The Rooney bin
Killinaskully star Joe Rooney has repaired to Drogheda’s suburbs to gorge himself on Alfred Hitchcock masterpieces. That’s the life.
Colm O Hare, 11 Jul 2008

He has become widely known in recent years for playing the part of Timmy Higgins in the hit RTÉ comedy series Killinaskully, which, astonishingly has been running for five years now. But Joe Rooney will probably be always best remembered for his role as the gurrier curate, Father Damo, who led Dougal astray in that memorable episode of Father Ted, (‘The Old Grey Whistle Theft’). However, he started his career long before that milestone, as one half of The Quacksquad comedy duo that went on to write and perform on Shay Healy’s Nighthawks as well as appearances on The Late Late Show (where he performed his own interpretation of Riverdance).

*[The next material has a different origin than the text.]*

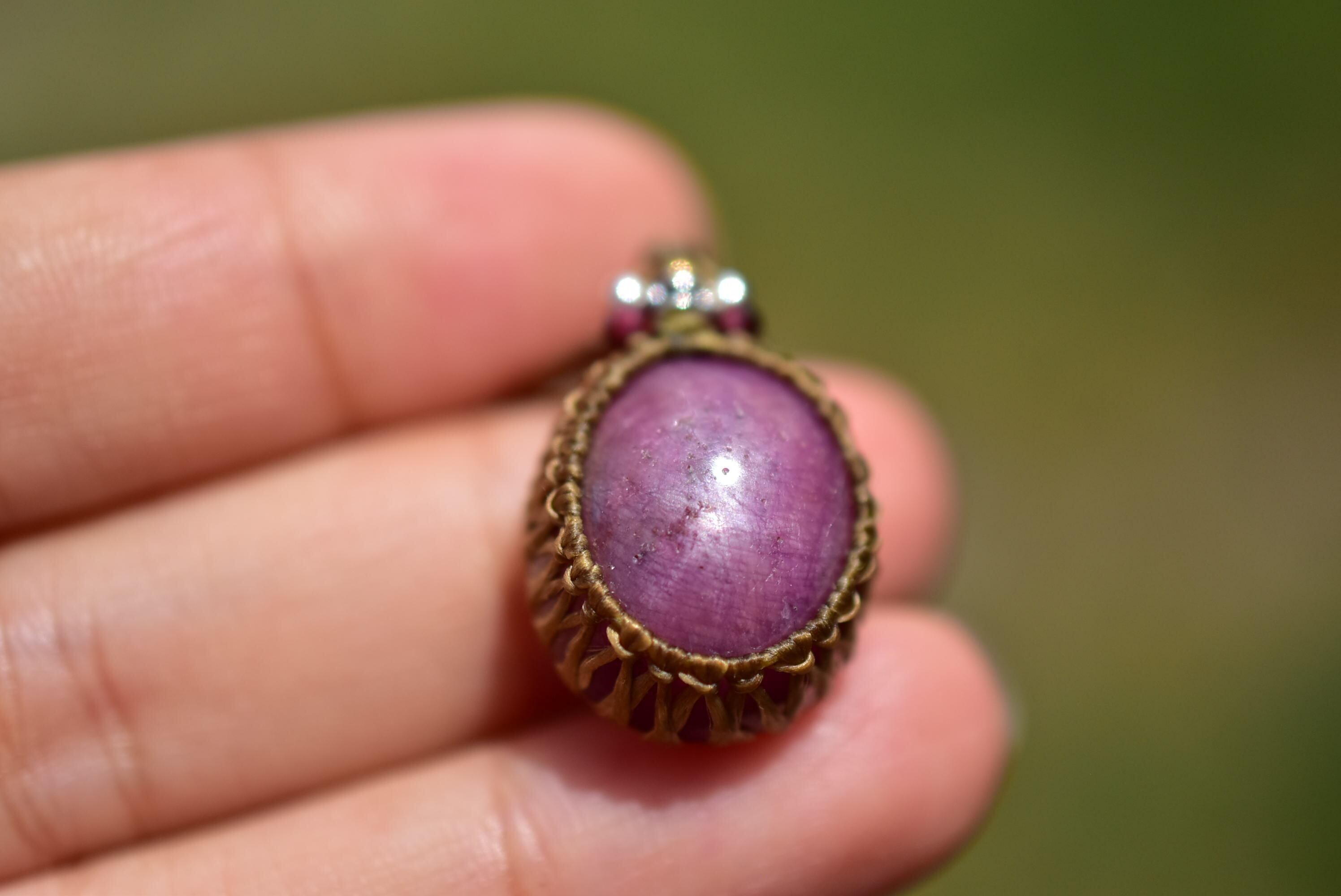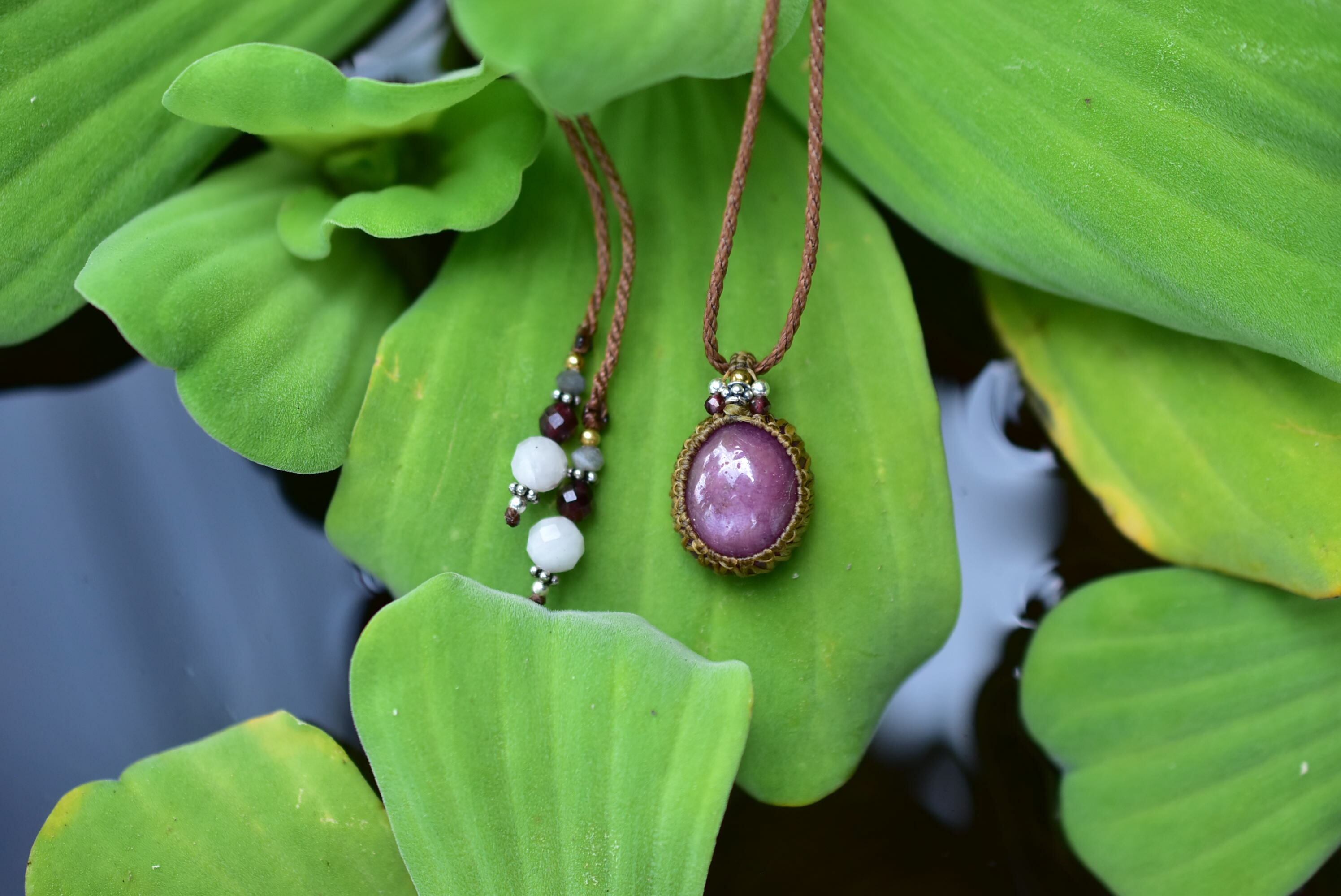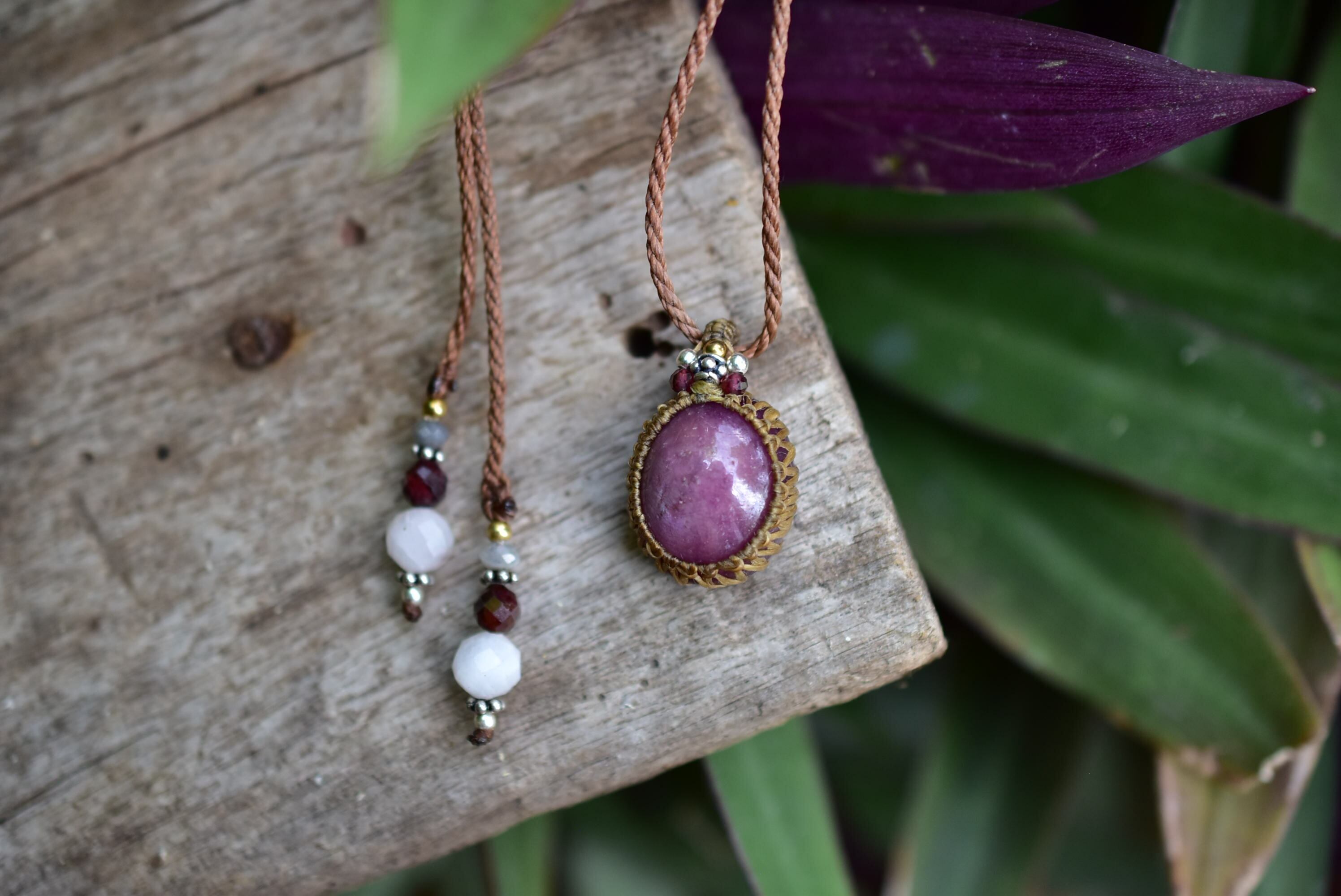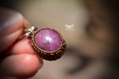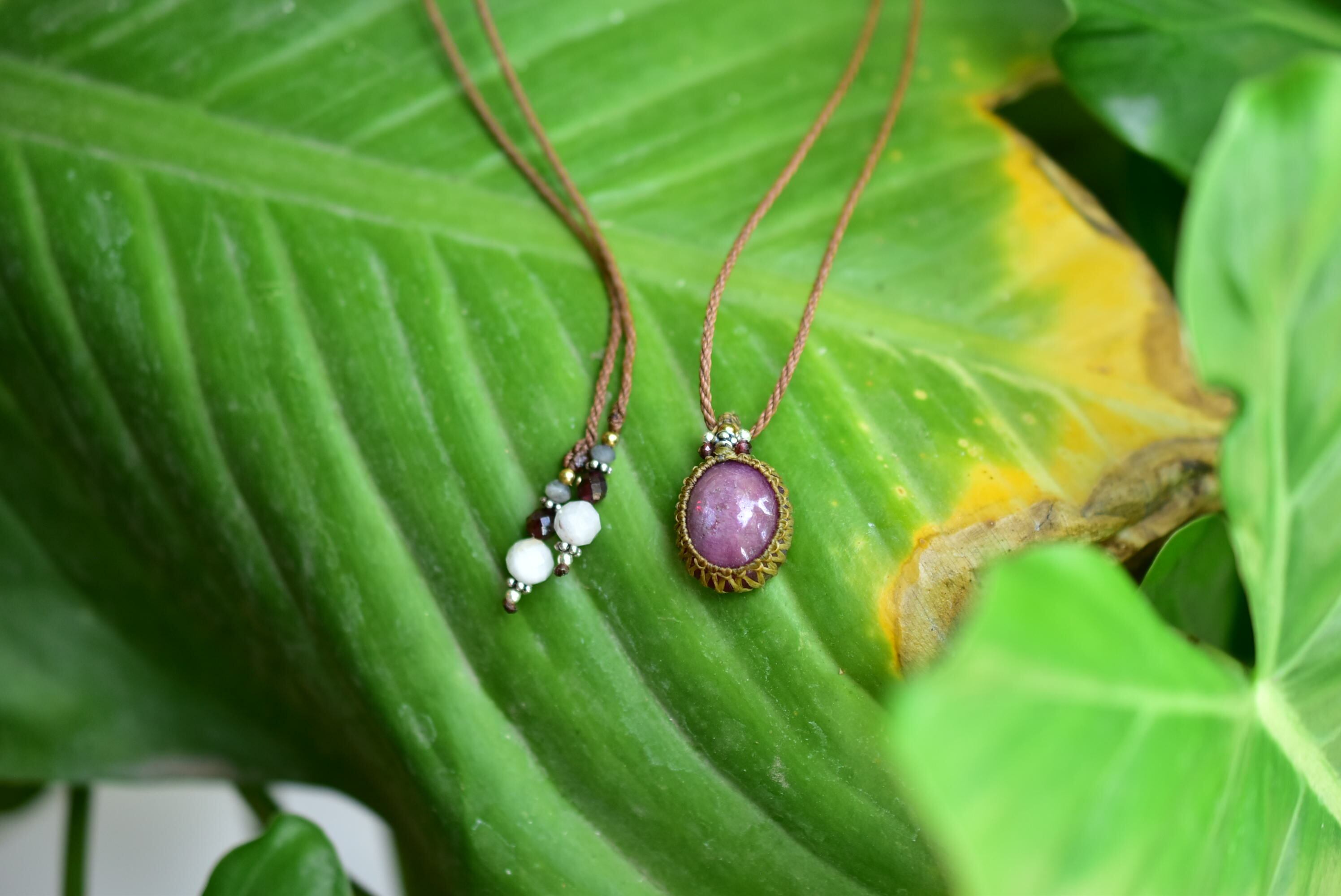 小粒タイプのスタールビーをそのまま小さくマクラメペンダントに仕上げています。

A Meath native, Rooney currently resides on the outskirts of Drogheda, where he has lived for the past year and a half. “It’s actually in County Meath, which is a disadvantage when it comes to the postman, sorry the post-person,” he says “I’m originally from Duleek and my two kids live nearby and stay with me quite a bit. I’m renting at the moment, it’s in one of those new developments of apartments and houses that are springing up all around this part of the world.”

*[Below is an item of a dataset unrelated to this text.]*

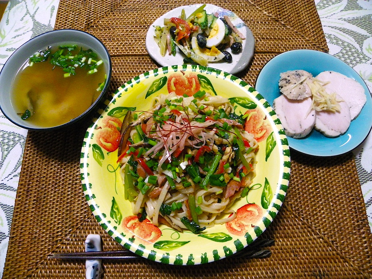 疲れた夜だから、柔らかまろやか味の焼うどんにしました。

Having just finished filming another series of the hugely successful Killinaskully, he says he’s looking forward to a change of pace and planning to mix more live work with TV. (He appears in the Carlsberg Comedy Carnival in Dublin later this month and also has a date slotted in at the Electric Picnic).

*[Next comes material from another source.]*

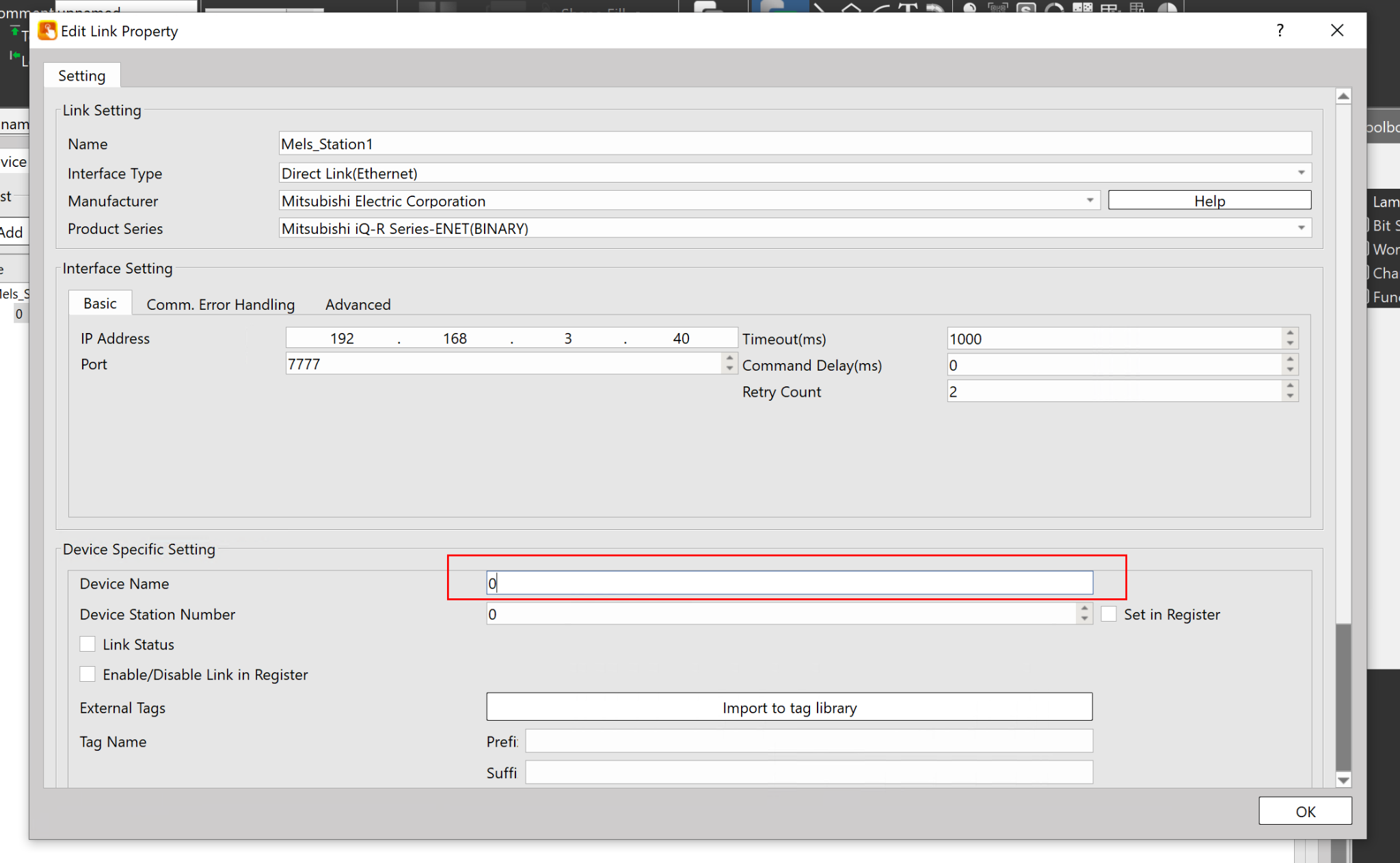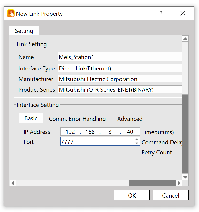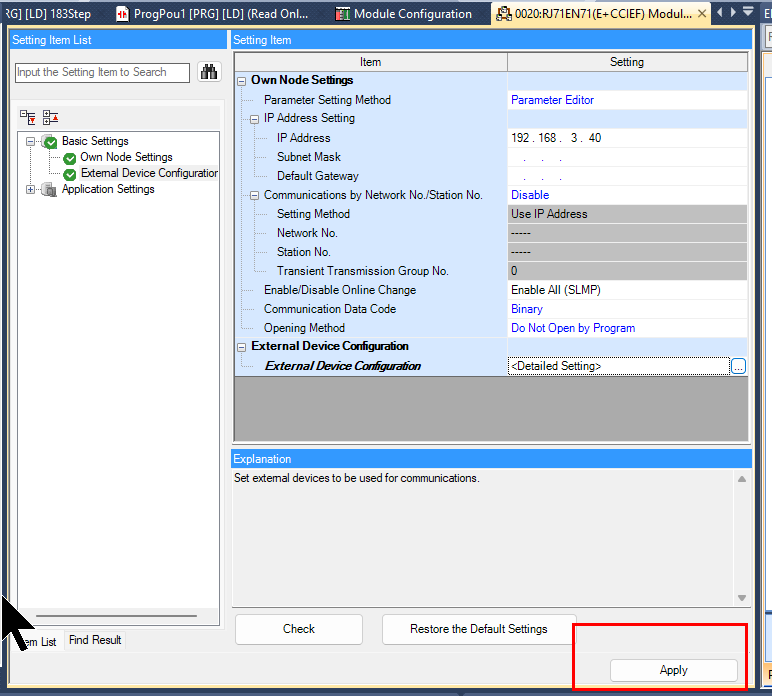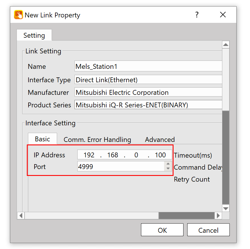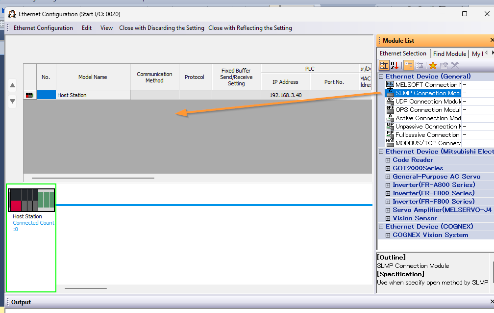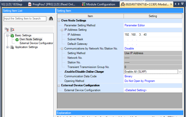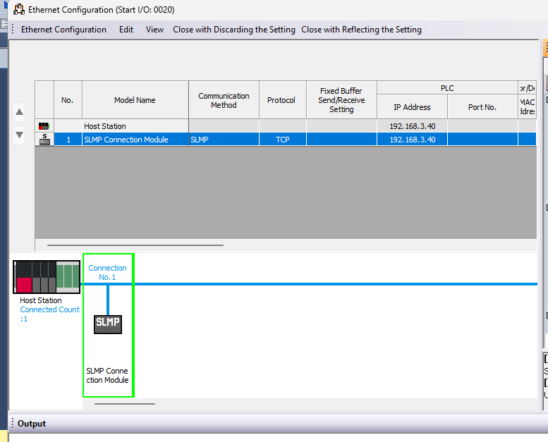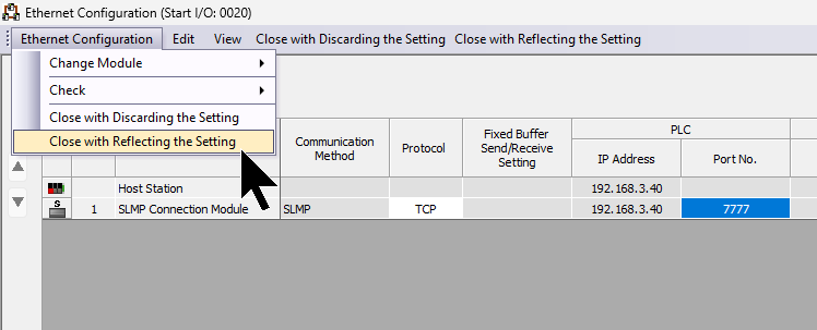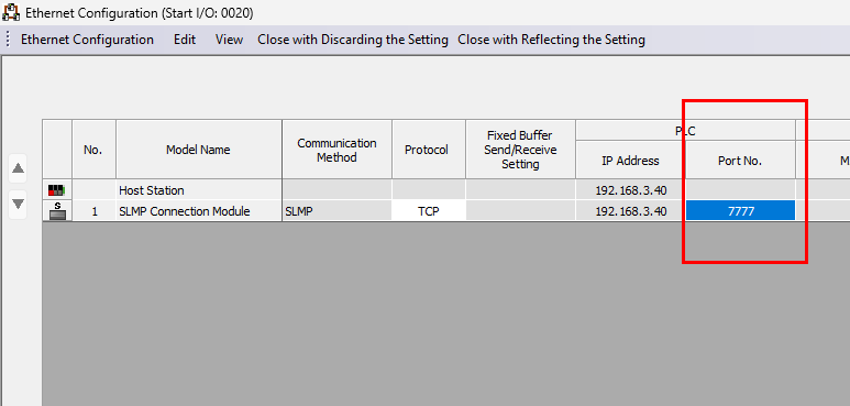 IP AddressとPort欄で先程RJ71EN71に設定したIPアドレスとSLMP接続PORTに合わせて設定しましょう。

“I think I’ll be doing a bit of both,” he says. “I’ve also written a TV pilot with Paul Woodful. But this looks like being the last series of Killinaskully, which I think is good in a way. Five years is probably enough and I want to get up off me arse and do something else. I never thought it would go on that long to be honest.”
As well as appearing in the show he became more involved in the writing end of things: “That was a great experience, I hadn’t done much writing before and it was interesting watching stuff I’d written.”